Oft stellt sich die Frage warum für Fahrzeugteile "lumpiger rostender“ Stahl an Stelle von Edelstahl verwendet wird.
Erst mal eine Begriffsklärung:
Edelstahl
Edelstahl (nach DIN EN 10020) ist eine Bezeichnung für legierte oder unlegierte Stähle mit besonderem Reinheitsgrad, zum Beispiel Stähle, deren Schwefel- und Phosphorgehalt (sog. Eisenbegleiter) 0,025 % nicht übersteigt.
Die alleinige Begriffsdefinition, ein Edelstahl sei ein "chemisch besonders reiner“ oder "nichtrostender“ Stahl, ist ungenau bzw. falsch. Ein Edelstahl muss nicht zwangsläufig den Anforderungen eines nichtrostenden Stahls entsprechen. Trotzdem werden im Alltag häufig nur rostfreie Stähle als Edelstähle bezeichnet. Ebenso muss ein rostfreier Stahl nicht unbedingt auch ein Edelstahl sein.
Zu den Edelstählen zählen zum Beispiel hochreine Stähle, bei denen durch einen besonderen Herstellungsprozess Bestandteile wie Aluminium und Silizium ausgeschieden werden, oder zum Beispiel auch hochlegierte Werkzeugstähle, die für eine spätere Wärmebehandlung vorgesehen sind.
Als hochlegiert gilt ein Stahl dann, wenn der Massenanteil eines seiner Legierungselemente mehr als 5 % beträgt.
Rostfreier Stahl
Fälschlich wird für alle nichtrostenden Stähle auch sehr häufig der Begriff Edelstahl verwendet.
Rostfreier Stahl zeichnet sich durch einen Anteil von mindestens 10,5 bis 13 %Prozent Chrom aus, der im austenitischen oder ferritischen Mischkristall gelöst sein muss.

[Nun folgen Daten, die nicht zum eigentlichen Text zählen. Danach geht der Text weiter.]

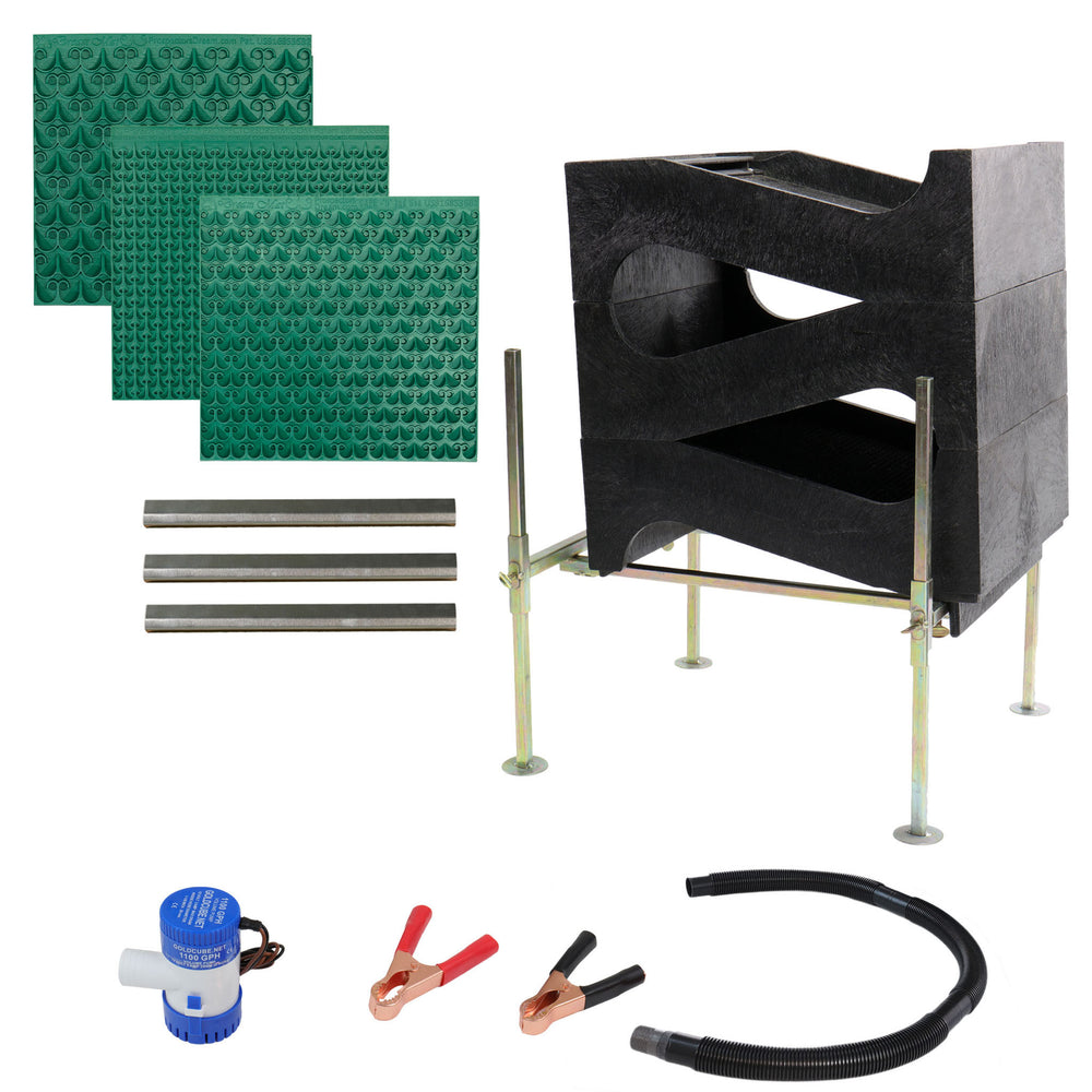 Gold Cube 4 Stack Deluxe Complete Gold Prospecting Kit with 1 Slick Plate, 2 Separator Trays, Stand, Pump, Hose, Dream Mat Set, and Hose Adapters.

Der Effekt beruht darauf, dass sich durch diesen hohen Chromanteil eine schützende und dichte Passivschicht aus Chromoxid an der Werkstoffoberfläche ausbildet. Weitere Legierungsbestandteile wie Nickel, Molybdän, Mangan und Niob führen zu einer noch besseren Korrosionsbeständigkeit oder günstigeren mechanischen Eigenschaften. Da Chrom als Legierungselement allgemein günstiger ist als Nickel, wird ein höherer Chromanteil bei kleinerem Nickelanteil (gleiche Korrosionsbeständigkeit vorausgesetzt) bevorzugt.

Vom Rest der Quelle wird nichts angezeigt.